Acontece que essa mulher libertária não era uma mulher livre.
Desde se vestir como uma Oaxaqueña, até trançar os cabelos, pintar, se relacionar com várias pessoas, inclusive ser uma intelectual… Tudo isso tinha um lugar em sua alma, uma verdade em seu coração, mas por trás de cada camada, existe um universo que preenche todas as coisas, como o Universo realmente faz. Esse universo tem um nome, dado por ela mesma: Diego.
Partindo da admiração de Diego Rivera pelas tradicionais mexicanas, Frida pinta em si mesma um quadro de uma mulher digna de ser admirada. Por seu legado artístico, ela meramente o segue, remontando em diversos momentos a aluna adolescente em busca da sincera opinião de seu professor. Por causa de sua infidelidade, ela decide fazer o mesmo que seu marido, para aplacar a dor das subsequentes traições. Sexo livre por fora, monogamia no coração. Por considerar este homem o mais inteligente de todos, ela sabe que não pode ser uma flor com menor fragrância intelectual que outras… Ou veria sua mariposa voar para longe.
Alguns minutos depois de deixar a Casa Azul, fui ao estúdio de Diego Rivera, em San Angel, a uns quinze minutos de carro. Não fiquei surpreso com o que vi. Por mais que se chame aquele lugar também com o nome de Frida, pois muitas telas importantes da artista foram pintadas na casa-estúdio de arquitetura arrojada para a época, Kahlo aparece ali apenas duas vezes: uma banheira suja de tinta, usada como base para “Lo que el água me dio”, e um pequeno porta-retrato em uma mesa de canto, com uma Frida impaciente numa foto sem cor.
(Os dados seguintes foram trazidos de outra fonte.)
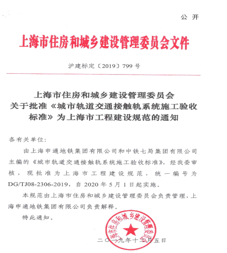 近日,《城市軌道交通接觸軌系統(tǒng)施工驗(yàn)收標(biāo)準(zhǔn)》(DG/TJ08-2306-2019)(以下簡(jiǎn)稱《標(biāo)準(zhǔn)》)正式由上海市住房和城鄉(xiāng)建設(shè)管理委員會(huì)批準(zhǔn),于2020年5月1日起實(shí)施。這是繼中鐵七局集團(tuán)有限公司主編的江蘇省《城市軌道交通接觸網(wǎng)系統(tǒng)工程質(zhì)量驗(yàn)收規(guī)范》頒布實(shí)施之后,華東地區(qū)又一部地方建設(shè)標(biāo)準(zhǔn)被批準(zhǔn)實(shí)施。

Fica claro: Diego era o Universo de Frida. Frida era apenas um capítulo da história de Diego.
Talvez essa tenha se tornado minha tela preferida de Frida porque, com ela, a minha pergunta estava respondida. Sabe, eu acredito que todos nós tenhamos nossos Diegos. Pessoas, coisas, lugares ou projetos a quem chamamos “meu amigo, meu amante, meu esposo, meu pai, minha mãe, meu Universo”. Também te confesso que escrevo esse parágrafo com o coração cheio de angústia: seria minha vida devotada e condenada a estar limitada a repousar dentro de um “Diego”? Toda exposição tem limite e deixo aqui uma pausa dramática para que você reflita sobre os seus Diegos, enquanto me resguardo a não dar nomes aos meus.
No alto de uma das paredes da Casa Azul, uma frase pedia uma pausa em meus questionamentos: “eu não creio que as margens de um rio sofram por deixá-lo correr”. Poucos conseguem captar, mas a maioria das lindas frases de Frida (que amamos repetir) foi dita em contextos de muita dor, física e/ou emocional.
Ok, a dor não se vai. Não existe um plano de ação para lidar com ela. Sem pílula mágica. Sem receitas. Sem ponto 1, 2 e 3… Frida me ensina a sentir, viver e contar a dor. Em cor. Em arte. Como no quadro pintado na banheira, é sobre contar uma história e esperar que aqueles que se identificam com ela se juntem a mim, e talvez me deem a mão, como eu dei a mão à Frida.
“A dor e o sofrimento não me parecem partes da vida. A dor e o sofrimento são a própria vida”.
Um dos nomes que Frida Kahlo dava, com seu modo irônico e jocoso de sempre, ao seu grande amor era “sapo”. Ela tinha consciência da feiúra de Rivera e o chamava assim. Qual foi a minha surpresa ao ser avisado que as cinzas de Frida estavam ali em seu quarto, dentro de um vaso escultural pré-hispânico, da coleção pessoal de Diego Rivera. A escultura de um sapo.